Population stratification was assessed by multidimensional scaling analysis and compared with Hapmap II (release 22) European descent (CEU), Han Chinese, Japanese and Yoruba reference populations; all individuals with non-European ancestry were removed.
SNPs with a minor allele frequency of < 1%, a call rate of < 95% or evidence for violations of Hardy-Weinberg equilibrium (P < 5E-7) were removed. Cryptic relatedness was measured as proportion of identity by descent (IBD > 0.1). Related subjects that passed all other quality control thresholds were retained during subsequent phasing and imputation. 9,115 subjects and 500,527 SNPs passed these quality control filters.
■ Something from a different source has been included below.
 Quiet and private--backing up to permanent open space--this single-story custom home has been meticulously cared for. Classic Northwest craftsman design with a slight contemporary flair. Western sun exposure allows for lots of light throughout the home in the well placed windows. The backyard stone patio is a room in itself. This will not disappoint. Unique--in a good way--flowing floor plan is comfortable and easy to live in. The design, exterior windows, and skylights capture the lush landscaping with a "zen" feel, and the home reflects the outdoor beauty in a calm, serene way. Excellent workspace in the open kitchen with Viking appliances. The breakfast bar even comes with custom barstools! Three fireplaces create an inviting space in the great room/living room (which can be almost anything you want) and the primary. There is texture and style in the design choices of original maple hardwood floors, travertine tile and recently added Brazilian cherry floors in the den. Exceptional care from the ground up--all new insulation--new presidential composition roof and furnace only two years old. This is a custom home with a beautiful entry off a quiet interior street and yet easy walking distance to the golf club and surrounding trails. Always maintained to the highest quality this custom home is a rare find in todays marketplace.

ALSPAC mothers were genotyped using the Illumina human660W-quad array at Centre National de Génotypage (CNG) and genotypes were called with Illumina GenomeStudio. PLINK (v1.07) was used to carry out quality control measures on an initial set of 10,015 subjects and 557,124 directly genotyped SNPs. SNPs were removed if they displayed more than 5% missingness or a Hardy-Weinberg equilibrium P value of less than 1.0e-06. Additionally SNPs with a minor allele frequency of less than 1% were removed.
Samples were excluded if they displayed more than 5% missingness, had indeterminate X chromosome heterozygosity or extreme autosomal heterozygosity. Samples showing evidence of population stratification were identified by multidimensional scaling of genome-wide identity by state pairwise distances using the four HapMap populations as a reference, and then excluded.
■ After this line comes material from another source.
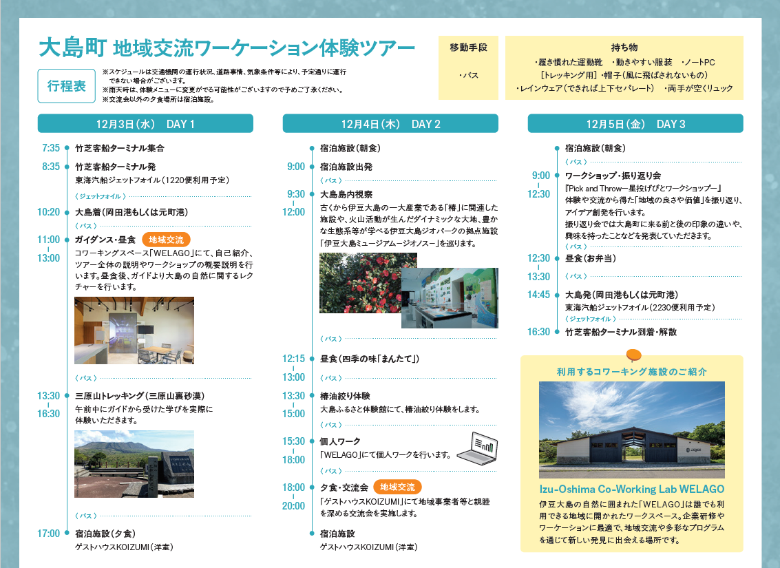 【12/3(水)~5(金)】自然豊かな大島町で、ワーケーションを体験しませんか?
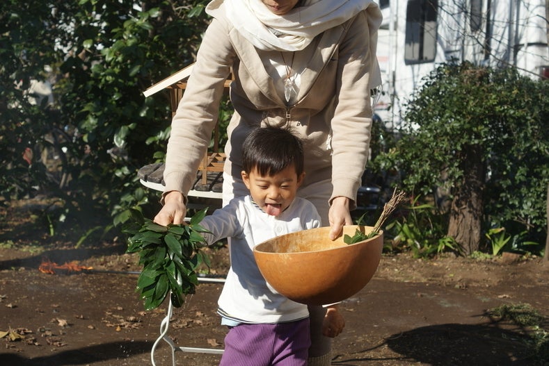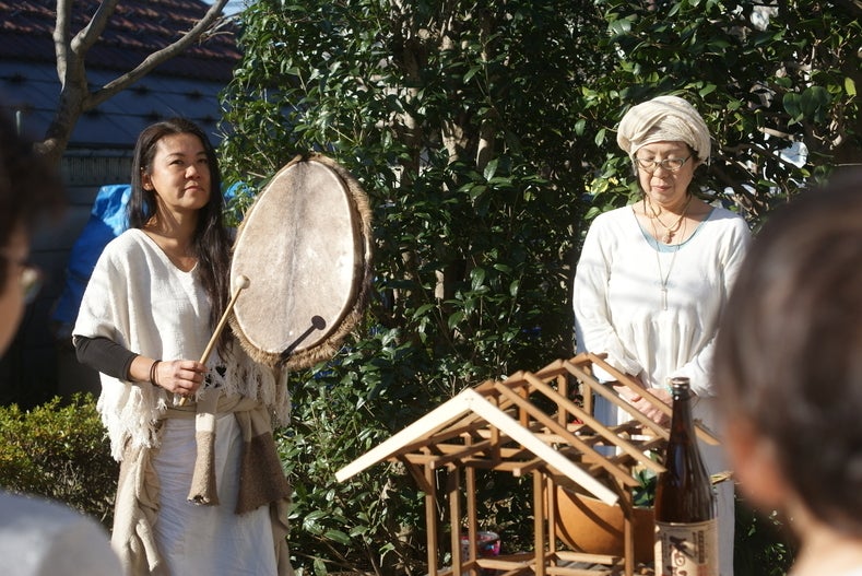 地鎮祭をつかさどるのは、まんまるお産がっこうで「おとだまワーク&アフリカンダンス」などの講師も務める Telespiana Keikoさん。

Cryptic relatedness was assessed using a IBD estimate of more than 0.125 which is expected to correspond to roughly 12.5% alleles shared IBD or a relatedness at the first cousin level. Related subjects that passed all other quality control thresholds were retained during subsequent phasing and imputation. 9,048 subjects and 526,688 SNPs passed these quality control filters.
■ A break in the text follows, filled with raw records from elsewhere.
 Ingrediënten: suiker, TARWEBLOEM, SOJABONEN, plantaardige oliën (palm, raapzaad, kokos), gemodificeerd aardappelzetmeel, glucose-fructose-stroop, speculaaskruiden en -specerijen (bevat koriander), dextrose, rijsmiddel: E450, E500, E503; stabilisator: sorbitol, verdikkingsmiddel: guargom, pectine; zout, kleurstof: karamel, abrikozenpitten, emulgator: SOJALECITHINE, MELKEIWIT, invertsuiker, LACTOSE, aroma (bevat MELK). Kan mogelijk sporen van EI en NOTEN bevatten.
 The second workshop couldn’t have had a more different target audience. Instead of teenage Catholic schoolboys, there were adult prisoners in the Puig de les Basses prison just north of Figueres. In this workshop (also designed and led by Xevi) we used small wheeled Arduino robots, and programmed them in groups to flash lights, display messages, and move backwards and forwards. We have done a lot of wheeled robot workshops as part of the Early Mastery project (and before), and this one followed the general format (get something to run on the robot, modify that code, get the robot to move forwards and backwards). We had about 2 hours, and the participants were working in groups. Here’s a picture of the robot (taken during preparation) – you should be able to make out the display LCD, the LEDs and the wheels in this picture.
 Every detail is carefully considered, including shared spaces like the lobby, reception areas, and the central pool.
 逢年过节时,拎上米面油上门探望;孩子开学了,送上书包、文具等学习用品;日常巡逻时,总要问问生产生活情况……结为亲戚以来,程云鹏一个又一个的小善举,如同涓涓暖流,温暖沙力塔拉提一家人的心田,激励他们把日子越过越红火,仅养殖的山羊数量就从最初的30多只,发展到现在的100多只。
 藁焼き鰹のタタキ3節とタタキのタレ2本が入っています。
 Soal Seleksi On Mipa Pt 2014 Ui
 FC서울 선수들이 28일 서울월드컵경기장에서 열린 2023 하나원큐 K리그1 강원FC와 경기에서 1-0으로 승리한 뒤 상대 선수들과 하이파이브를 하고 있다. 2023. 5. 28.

We combined 477,482 SNP genotypes in common between the sample of mothers and sample of children. We removed SNPs with genotype missingness above 1% due to poor quality (11,396 SNPs removed) and removed a further 321 subjects due to potential ID mismatches. This resulted in a dataset of 17,842 subjects containing 6,305 duos and 465,740 SNPs (112 were removed during liftover and 234 were out of HWE after combination). We estimated haplotypes using ShapeIT(v2.r644) which utilises relatedness during phasing. We obtained a phased version of the 1000 genomes reference panel (Phase 1, Version3) from the Impute2 reference data repository (phased using ShapeItv2.r644, haplotype release date Dec 2013). Imputation of the target data was performed using Impute V2.2.2 against the reference panel(all polymorphic SNPs excluding singletons), using all 2186 reference haplotypes (including non-Europeans).
This gave 8,237 eligible children and 8,196 eligible mothers withavailable genotype data after exclusion of related subjects using cryptic relatedness measures described previously.
Known issues: There is a known strand issue present within this imputation: The Dec 2013 haplotype release of 1000 genomes phase 1 version 3 have 199 reported SNPs with incorrect strand. For more information and the origins of this list please visit https://mathgen.stats.ox.ac.uk/impute/data_download_1000G_phase1_integrated_SHAPEIT2_16-06-14.html. It is very unlikely that they have systematic effects across the genome and most probably are just isolated to these 199 known problematic SNPs. The user is advised to discard them from their analysis.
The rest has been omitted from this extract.